CHAPTER VIII
“All things will end one day in Russia by some fearful revolution; the Autocracy will fall, because millions of people cry out to God against the Tsar,” wrote the Hanoverian resident, Weber, from Petersburg, announcing the death of the Tsarevitch.
“The Crown Prince died, not of apoplexy, as is officially stated, but of a sword or axe,” wrote Pleyer to his Emperor. “No one was admitted to the fortress the day of his death, and just before evening it was locked up. A Dutch carpenter, who worked on the new tower of the Cathedral and who had remained there for the night unnoticed, saw, towards evening, strange men near the torture chamber; this workman told it to his mother-in-law, who is the midwife at the Dutch resident’s. The body of the Crown Prince was laid in a coffin of inferior make; the head was partly covered, while a neckerchief was wound round the neck as for shaving.”

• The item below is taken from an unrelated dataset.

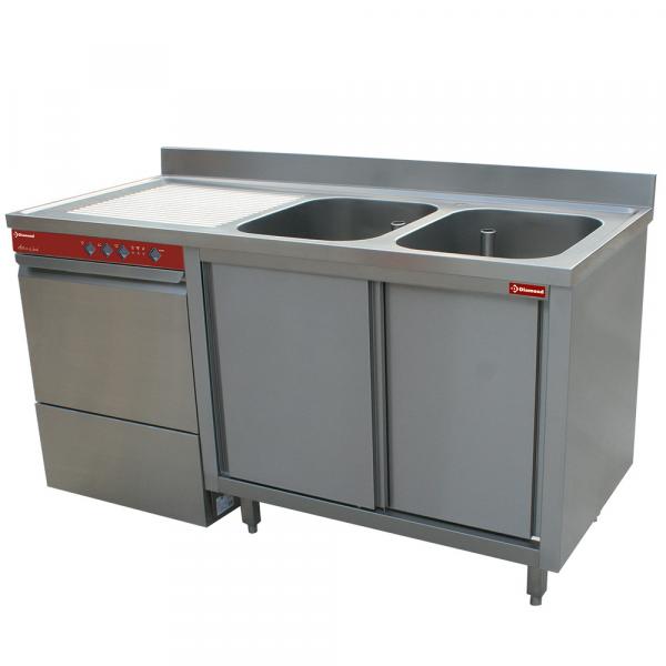 Sudoper 2 rezervoara 400x500xh275 leva odvodna daska na ormanu sa 2 klizna vrata i sa prostorom za mašinu za pranje sudova
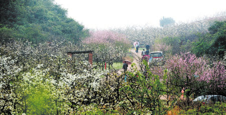 溯源队伍从大洞村口徒步进入梨园,沿途不少村民摆摊出售当地特产——梨肉干、梨花酒等等。还未到达主会场,大片梨花出现在眼前,在高山之下,雪白的梨花显得格外圣洁。记者看到,梨树之间还夹杂着几排桃花,粉红和雪白,在翠绿高山的背景下相映成趣。来源:长沙晚报 特派记者石祯专图片除署名外均为石祯专李锋摄影报道

The Dutch resident, James de Bie, reported to the States General, that the Tsarevitch had had his veins opened, and that a rebellion was expected in Petersburg.
The Resident’s letters were opened at the post office and presented to the Tsar. James de Bie was arrested, brought to the ambassador’s chancery and questioned. The Dutch carpenter and his mother-in-law were also taken into custody.
To refute all rumours, a circular was drawn up by Tolstoi, Shafiroff and Ménshikoff, and was sent in the Tsar’s name to the Russian residents at foreign courts:—
“After the pronouncement of the verdict on our son, we, his father, assailed by pity on the one side, and the desire to assure our country’s peace on the other, could not come to a decision all at once, in this highly difficult and important matter. Yet it pleased God Almighty, whose judgments are always just, to deliver the Sovereign, his house, and the empire from all danger and blame by means of His all-divine goodness. Yesterday, on June 26, our son Alexis was taken from this life; when the verdict and the list of crimes he had committed against us and the empire, were being read to him, the Tsarevitch was seized with a kind of apoplexy.
“He recovered consciousness and had, according to Christian usage, the last rites of the Church administered to him; he also asked us to come to him; and we, disregarding the trouble he had caused us, went to him with all our ministers and senators. He confessed all his faults and crimes against us, shedding abundant tears of repentance, and asked for pardon, which we, conscious of our Christian and parental duty, readily granted him. Thus, on June 26, at 6 in the evening, he died as a Christian.”